On The New Curator
A London publisher, Laurence King, observed: “How many times have you heard the term ‘curate’ in the past few years? But what exactly does it mean? Curating has been a key concept both in and outside the art world in the past few years, with the role of a curator having changed and expanded with each new exhibition or biennale.”
In the past, the curator’s role was straightforward. It focused on compiling reams of research on a specific work or collection and an immersion in art history. Paintings and sculptures in a museum were placed in traditional categories related to a movement or period. Today, an art curator is less a constrained instructor looking backward, and more an experimental consultant or facilitator looking forward – called to realize innovative approaches, new trends, inspired installations, and emerging narratives.
The idea of the curator as an artistic emissary or catalyst arose in the mid-20th century. King describes, “the late 1960s witnessed a shift from the idea of curating as a caring, meditative, administrative activity toward one of a mediating and performative activity akin to artistic practice.” The florid profession took on its present form beginning 50 years ago and became increasingly like King’s description when graduate degrees in art management and curatorial studies were established in the early 1990s. Since then, the discipline has evolved diametrically.
The ‘old curator,’ so to speak, was the custodian of the museum or art collection, a permanent fixture. The new kind of curator is often independent of museums, a consultant with a contract and an iPad. He or she is expected to have skills commensurate with a myriad of divergent tasks or functions. The ‘new curator’ is part artist’s agent, part public relations expert, part marketing professional, part art historian, part visionary, part fundraiser, part website and catalog designer, part risk-taker, and part business manager. ‘New’ curators cannot simply hold their places on the masthead by researching in the stacks of musty tomes. They must travel seamlessly from one city to another, from one space to another, from one screen to another, as they work on the invention, distribution, nuanced treatment, and support of art exhibits, installations, and openings. As the editor and founder of an online blog where art and business coalesce, Régine Debatty, contends, “while artists push boundaries, curators make ways for them to exist in the world.” (we-make-money-not-art.com, April 11, 2016).

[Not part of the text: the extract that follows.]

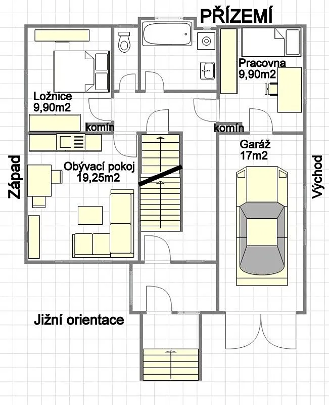 Přízemí: (79 m2) 3+kk, obývací pokoj s kuch. koutem (přivedena voda a elektřina), ložnice a místnost s možností využití jako pracovna, nebo další pokoj, koupelna s vanou a přípojka pro pračku, toaleta zvlášť, garáž, schodiště do patra a do suterénu.

In today’s art world the contemporary curator, in addition to discarding an outdated job description, has jettisoned traditional categories – movements and historical periods - [be consistent with dashes] and moved along the continuum of ideas and mythos. He or she assumes the role of an intermediary between the artist and audience, in order to explore historical resonance, cultural context, and meaning through shows, descriptions, and analysis.
Curators, then, have been transformed from staid figures into people who push boundaries and proffer new ways of seeing art. This positive shift promises a continual stream of fresh and innovative approaches to showcasing artists and their work.